In both of the 2001 and 2006 crime victim surveys, a question early in the victim form asked for the approximate date of the incident. Since the estimates of victimisation rates related to the last full calendar year (called the reference year here), the date information was needed to establish which incidents fell into this year.

Dates were imputed for incidents without victim forms, making the assumption that incidents were spread evenly from the beginning of the reference year up to the date of the interview (as was also done in the earlier 1996 survey). An even spread would be expected if there was little change in victimisation levels within and between years.

 figure 1.

Figure 1. Proportion of victim form incidents falling in the reference year, by interview date. Results are shown for both the 2001 and 2006 surveys, along with a smooth curve fitted to this data. They fall below the expected proportion (the solid red line) throughout, with the shortfall growing larger later in the year.

However, the dates recorded in the victim forms show that the proportion of incidents reported in the reference year is lower than would be expected if they were evenly spread. An investigation has been conducted reviewing possible causes for this and the effect it may have had on victimisation rates. The results will help inform the interpretation of 2005 victimisation rates and comparisons between 2000 and 2005.

In the 2001 survey, only 46% of victim forms recorded that the incident occurred in the reference year, substantially lower than the expected 58%. The shortfall was smaller in the 2006 survey, where 72% of victim forms recorded that the incident occurred in the reference year, compared to the expected 78%. These proportions varied during the course of fieldwork, as shown in the following graph. Depending on the cause of the shortfall, it may have reduced the estimated victimisation levels in 2000 by 20% or more.

These figures relate to the dates recorded in the main victim forms only, not the dates for incidents recorded in the self-completion questionnaire sections. Because the date was recorded only for the most recent incident in each self-completion section, this affects the distribution of the dates, making the situation significantly more complex. In contrast, the incidents for the main victim forms were selected at random within offence type, which should have produced a representative selection of dates.

Possible causes for the shortfall include:

Seasonal crime patterns

Seasonality would induce fluctuations around the red line over the course of a year. We observe steady divergence over a ten month period, so this hypothesis does not explain the pattern seen in the data.

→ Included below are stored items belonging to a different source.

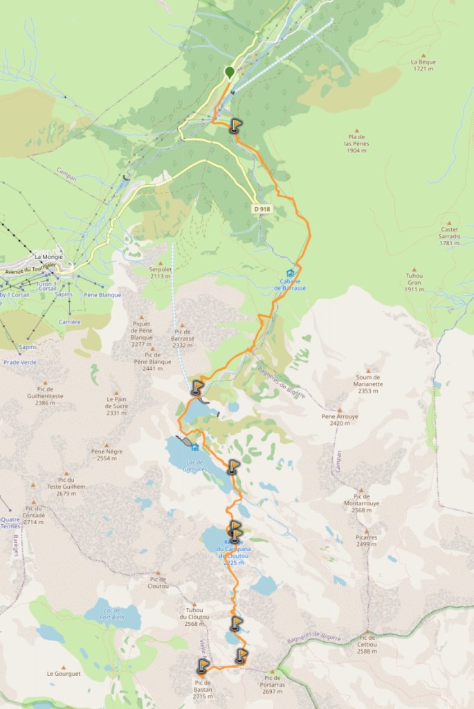 Al Pic de Bastan se suele acceder desde el Col de Portet (2.214 m) o desde el Lac de l’Oule (1.824 m) para ahorrar desnivel a través de los Lacs de Bastan, pero nosotros lo hicimos desde las faldas del Tourmalet, concretamente desde Artigues, un pequeño núcleo turístico situado a 1.200 metros de altura en el Vallée de Gripp. El resultado es una excursión larga y muy completa que combina valles verdes y bosques en cotas bajas con los lagos y la áspera roca de la alta montaña.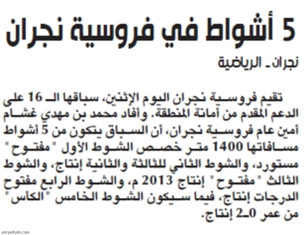 تقيم فروسية نجران اليوم الإثنين، سباقها الـ 16 على الدعم المقدم من أمانة المنطقة. وأفاد محمد بن مهدي غشام أمين عام فروسية نجران، أن السباق يتكون من 5 أشواط مسافاتها 1400 متر خصص الشوط الأول "مفتوح" مستورد، والشوط الثاني للثالثة والثانية إنتاج، والشوط الثالث "مفتوح" إنتاج 2013 م، والشوط الرابع مفتوح الدرجات إنتاج، فيما سيكون الشوط الخامس "الكأس" من عمر 0ـ2 إنتاج.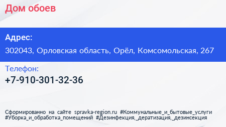 Дом обоев по адресу 302043, Орловская область, Орёл, Комсомольская, 267 в дальнейшем Организация, размещена в следующих категориях: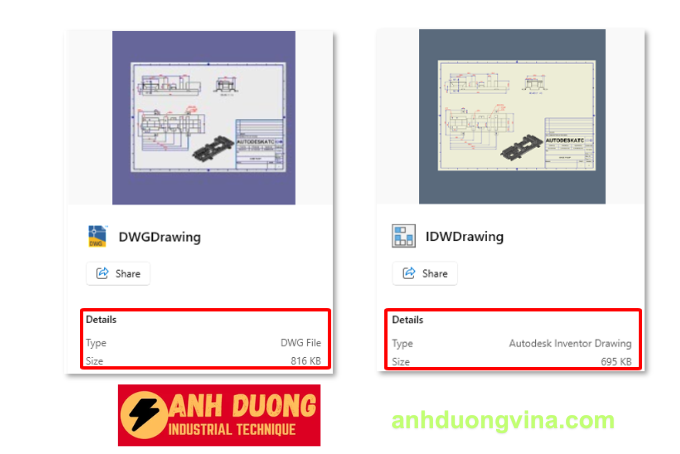 - Dung lượng Lớn Hơn: Do DWG chứa thêm các thông tin và tính năng để tương thích với AutoCAD, dung lượng file thường lớn hơn so với IDW. Điều này có thể ảnh hưởng đến việc lưu trữ và chia sẻ, đặc biệt khi làm việc với các dự án lớn có nhiều bản vẽ.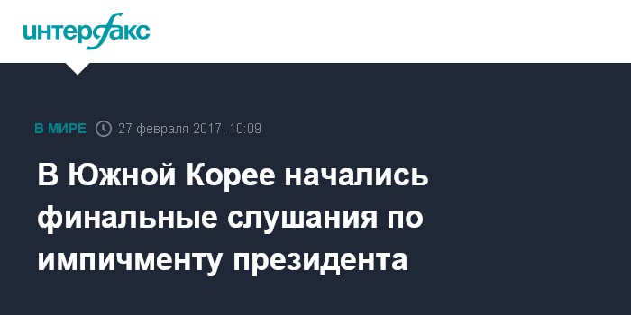 Москва. 27 февраля. INTERFAX.RU - Конституционный суд Южной Кореи в понедельник приступил к финальной стадии рассмотрения дела президента Пак Кын Хе, в отношении которой 9 декабря 2016 года парламент начал процедуру импичмента, сообщает The Korea Times.

Seasonal fluctuations would also have to be much stronger than those seen in recorded crime over 2004-2005 (which varied from approximately 31,000 to 36,000 offences a month) to produce effects as large as those observed here.

Increase in crime levels

 While an increase in crime levels could produce the observed pattern of dates, the steady divergence from the expected proportion would require an ongoing increase in crime. If this increase was linear, the magnitude of the shortfall would have required crime levels in 2001 to be roughly 25% higher on average than in 2000, peaking 50% higher late in 2001. However recorded crime levels for the two calendar years are very similar (427,230 offences in 2000 versus 426,526 in 2001). 

Recency effect

Recency effects are a widely recognised source of bias in retrospective surveys. Respondents often remember events as having occurred more recently than they truly did. This effect, also known as forward telescoping, leads to overestimates of rates when questions asking about all events in a period leading up to the interview. For example, newspaper readership is often estimated based on recall of readership in the last seven days, and the recency effects are known to occur in this setting. The crime survey situation is more complex, since we focus on incidents in the reference year. Recency bias is defined here as a tendency for incidents to be recalled as too recent, affecting both the reported incident dates and the numbers reported at the screeners. Some incidents that actually occurred during the reference year would be reported in the following year (between the end of the reference year and the interview date), and some incidents from the year before the reference year would be reported in the reference year. In other words, some incidents occurring in 2005 would be reported in 2006, and some 2004 incidents would be reported as occurring in 2005. These effects will balance out to some degree, although the former effect is expected to be stronger.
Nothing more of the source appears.